魔法薬の買い取り価格を提示してもらったが、どの薬局で売るよりも高価だった。
「どうした? 何か不満な点があれば、条件をよりよいものにするが」
「いいえ、条件がよすぎて、戸惑っているだけです」
エルツ様はピンときていないようで、これからの働きによって報酬を上げるとも言っていた。

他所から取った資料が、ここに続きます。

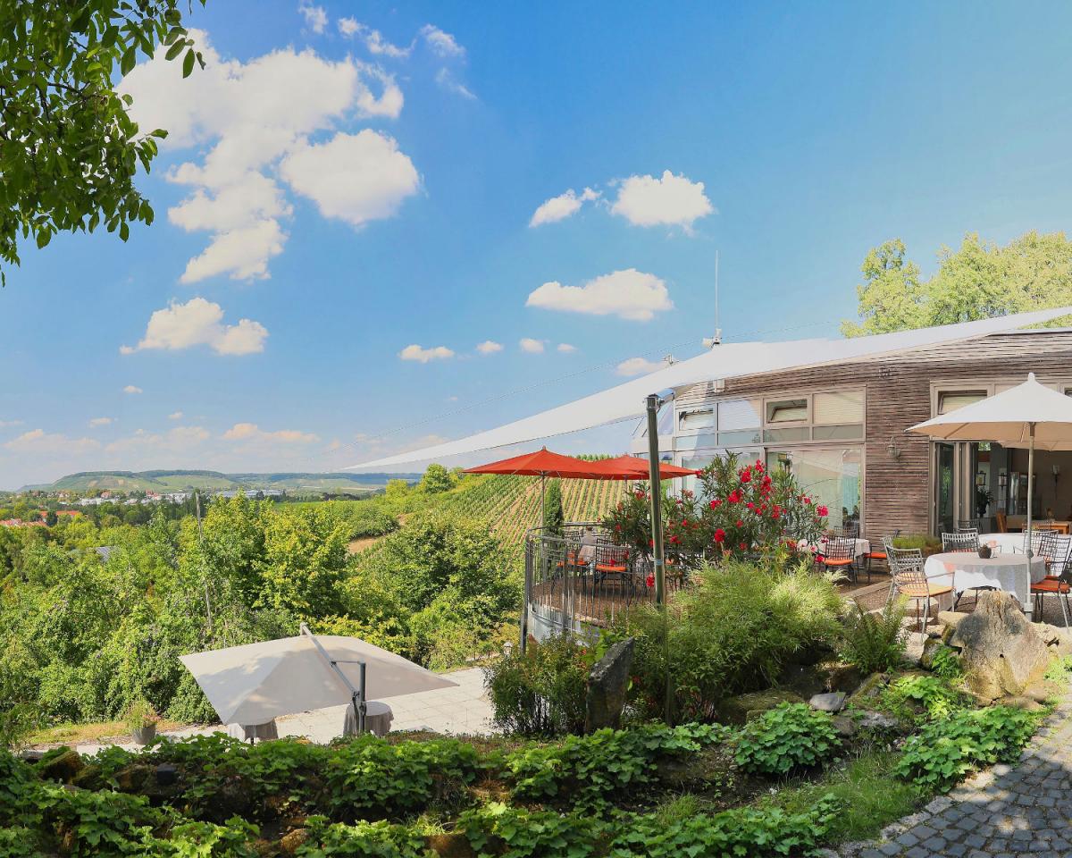 Das lichtdurchflutete Restaurant mit großem Wintergarten und herrlicher Gartenterrasse lädt zum Verweilen ein und ist ideal für kulinarische Feiern und Events. Von hier genießt man die wunderschöne Aussicht auf Weinberge, die Stadt Weinsberg und die Burg Weibertreu.

「その、私の魔法薬を確認せずに、契約を結んでもいいのですか?」
「いや、そなたの魔法薬師としての実力はグレイの話を通して把握している」
「祖父が甘い可能性など、考えなかったのでしょうか?」
「それはないな。グレイは自分にも他人にも厳しかったから、孫娘のかわいさだけで、褒めるような男ではない。実力云々を判断したのは、それだけではないからな」
なんでも他の魔法医から、私の話はかねがね聞いていたようだ。
「イーゼンブルク公爵家のベアトリスに処方箋を送ると、的確で質のよい魔法薬が患者の手に渡ると評判だった。それだけではなく、患者への処方ミスを防ぐ疑義照会に助けられたことも一度や二度ではないと話していた」
疑義照会というのは、魔法医の処方箋に違和感を発見したさいに、これでいいのかと確認するやりとりである。
たいていの魔法医は魔法薬師に魔法薬の処方は合っているのか、と聞かれるのを嫌う。
裏で毛嫌いされているだろうな、と思っていたのでホッとした。
「これだけ言っても心配ならば、そなたが作った魔法薬を確認することもできるが」
「私の、魔法薬」
そう呟いたのと同時に、綿埃妖精がテーブルの上にヒール・ポーションをペッと吐き出した。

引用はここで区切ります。